Chapter 13
Elmer Sky
Sometimes Elmer sat up front with Alan, who had taken over the driving of the vehicle and navigated with the aid of that splendid bouncing ball. Alan would sit in silence while Elmer gazed happily into the genesis mist, marveling at the various peculiar landscapes, shrouded in fog, through which their excellent vehicle traveled. Sometimes the ALL-Rover crunched over fields of flaky shale. Sometimes it plowed through knee-high glass beads, smooth and colorful. Sometimes they drove on grass, sometimes metal, sometimes paper, often in strange colors, accompanied by peculiar scents. None of this bothered Elmer, not in the least! But it unnerved some of the others, this reinforcement that they were not on the world they knew, not as they knew it.

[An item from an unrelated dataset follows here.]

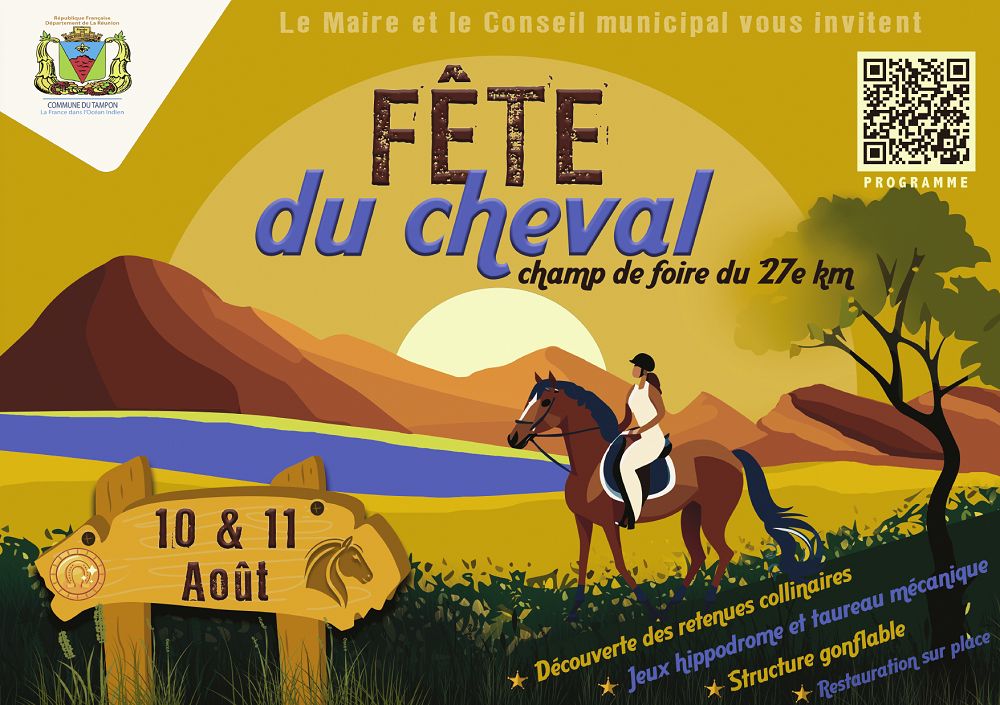La ville du Tampon organise la fête du cheval le week-end du 10 et 11 août de 9h à 18h au champ de foire du 27e km à la Plaine des Cafres !

They stopped eventually, not because it was evening but because Alan grew tired of driving and they had all been cooped up inside the vehicle for several days. Dwayne Hartman suggested a campfire outside to relieve them all of the restricted confines of the ALL-Rover.

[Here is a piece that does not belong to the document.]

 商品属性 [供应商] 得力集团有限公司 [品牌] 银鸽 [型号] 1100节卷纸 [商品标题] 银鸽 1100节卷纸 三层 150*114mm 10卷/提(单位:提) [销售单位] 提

“A campfire!” Elmer declared. “Splendid!”
They piled out of the vehicle and listened to Alan’s careful instructions about not straying away into the mist. Amelia fetched wood for a fire. She made quick work of the nearest tree, dissecting it into logs, kindling, and a variety of stumps for seating.

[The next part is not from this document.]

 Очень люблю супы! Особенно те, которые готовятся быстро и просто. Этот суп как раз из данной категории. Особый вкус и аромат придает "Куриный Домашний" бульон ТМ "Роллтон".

“Extraordinary,” commented Rebecca Carter, who stood with them all in a cluster just outside the exit ramp of the vehicle. She said it in her normal disinterested way, but Elmer thought she was really impressed. And why shouldn’t she be? Amelia was wonderful!
Dwayne Hartman started a fire with his lighter while he hummed old songs to himself and smoked a cigarette. Elmer watched until a small flicker of flame appeared. He gave Dwayne what he imagined to be a hearty, companionable clap on the back in congratulation. Dwayne grunted in response and carefully stacked kindling against the tiny flame.
Elmer then sought out his fellow traveling companions in search of good cheer, as he had often done since the commencement of their marvelous voyage.
He found Alan Sheppard behind the ALL-Rover, showing a handgun to Michael Whyte. Their conversation faltered when Elmer approached. “Please, don’t mind me!” said Elmer. He positioned himself next to Michael, curious.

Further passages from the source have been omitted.